= Gordon Elliott (racehorse trainer) =

Irish horse trainer

Gordon Elliott (born 2 March 1978) is a County Meath-based National Hunt racehorse trainer. After riding as an amateur jockey, he took out a trainer's licence in 2006. He was 29 when his first Grand National entry, the 33 to 1 outsider Silver Birch, won the 2007 race. In 2018 and 2019 he won the Grand National with Tiger Roll, ridden by Davy Russell and owned by Gigginstown House Stud, the first horse since Red Rum to win the race twice. In 2018 he also won the Irish Grand National, with General Principle. On two occasions, in 2017 and 2018, he was the top trainer at the Cheltenham Festival.

In March 2021 the Irish Horseracing Regulatory Board imposed a twelve-month ban (with six months suspended) on Elliott after a photograph surfaced of him sitting on a dead horse on his gallops in 2019.

==Jockey==

With little family background in racing, Elliott is sometimes described as Irish racing's great "blow-in". The son of a panel-beater, he grew up in Summerhill, County Meath and entered the racing world at the age of thirteen, working for trainer Tony Martin at weekends and holidays. Elliott took out a licence as an amateur jockey when he was sixteen and rode on the racecourse and in point-to-points. His first winner on the racecourse came on Caitriona's Choice in a bumper at Ballinrobe. He went on to ride a total of 200 point-to-point winners and 46 winners on the racecourse, with the highlight of his riding career being his win in the Punchestown Champion Bumper on the Nigel Twiston-Davies-trained King's Road in 1998. He also had five winners in the United States. Although based mainly with Tony Martin during his riding career, he spent a year in England with trainer Martin Pipe. He retired as a jockey through injury in 2005.

==Trainer==

Elliott took out his trainer's licence in 2006 and had his first winner at Perth on 11 June 2006. On 14 April 2007 he became the youngest ever trainer to win the Grand National. The winner, Silver Birch, was owned by Brian Walsh of County Kildare, and ridden by Robbie Power. Despite having won the Grand National, Elliott had not at that stage trained a winner on the track back home in Ireland. The first winner he trained in Ireland was Toran Road at Kilbeggan on 5 May 2007.

Although best known for his victories over jumps, Elliott had a major win on the flat in August 2010 when Dirar won the Ebor Handicap at York Racecourse. He has also had victories at Royal Ascot, with Commissioned winning the Queen Alexandra Stakes in 2016 and Pallasator winning the same race in 2018.

Originally based at Capranny Stables, a rented yard in Trim, County Meath, Elliott bought the 78-acre Cullentra House Farm at Longwood, County Meath in 2011 and built a training facility with stabling for over 200 horses, gallops, schooling grounds, and an equine pool.

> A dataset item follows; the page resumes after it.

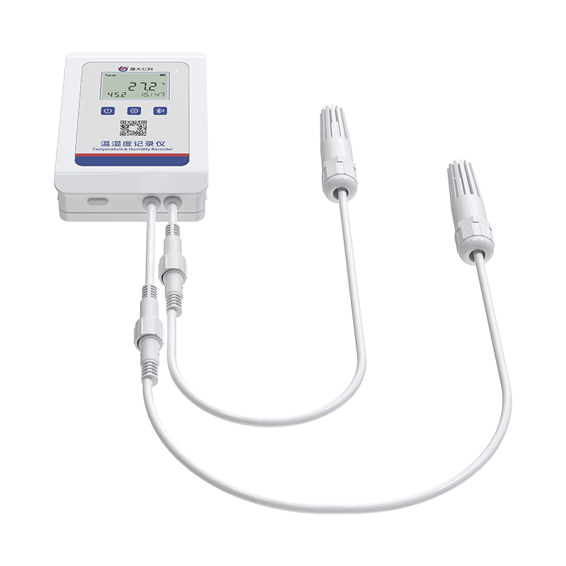 产品特点:WIFI高防护型温湿度变送器具备外壳分离式设计、蓝牙一键打印、高防护、低功耗等典型特征,外壳带磁铁,可直接吸附在冰箱等可磁吸外壳上。连上WiFi就能正常使用,可连接2.4GHz/5GHz频段的WIFI无线网络,支持DNS动态域名解析,提供本地/云端软件平台,实现温湿度集中监控。

His first winner at the Cheltenham Festival as a trainer was Chicago Grey in the National Hunt Chase Challenge Cup in 2011. He won the 2016 Cheltenham Gold Cup with Don Cossack. In 2017 he was top trainer at the Cheltenham Festival and the following year repeated the achievement.

On 2 April 2018 Elliott won the Irish Grand National with General Principle, ridden by JJ Slevin. Elliott had saddled 13 of the 30 horses in the field. That year he also won the Aintree Grand National with his horse Tiger Roll, ridden by Davy Russell and owned by Michael O'Leary's Gigginstown House Stud, narrowly beating the Willie Mullins runner Pleasant Company. Elliott also trained the third place horse Bless The Wings. He won the Aintree Grand National again in 2019 with Tiger Roll, only the sixth repeat winner in the race's history.

==Dead horse photograph==

On 28 February 2021, the Irish Horseracing Regulatory Board (IHRB) launched an investigation into an image of Elliott, which was widely circulated on social media, sitting on a dead horse and making a peace sign. Elliott confirmed the photograph was genuine, issued an apology and said he was fully cooperating with the investigation. The animal rights organisation PETA and the British Horseracing Authority condemned the photograph. On 1 March the British Horse Racing Authority announced that Elliott would be banned from racing horses in Britain while the investigation in Ireland took place, although the horses would be allowed to run if transferred to another trainer. It was confirmed that the photo was taken in 2019 and showed a horse owned by Gigginstown House Stud, Morgan, that had died while being ridden on the gallops.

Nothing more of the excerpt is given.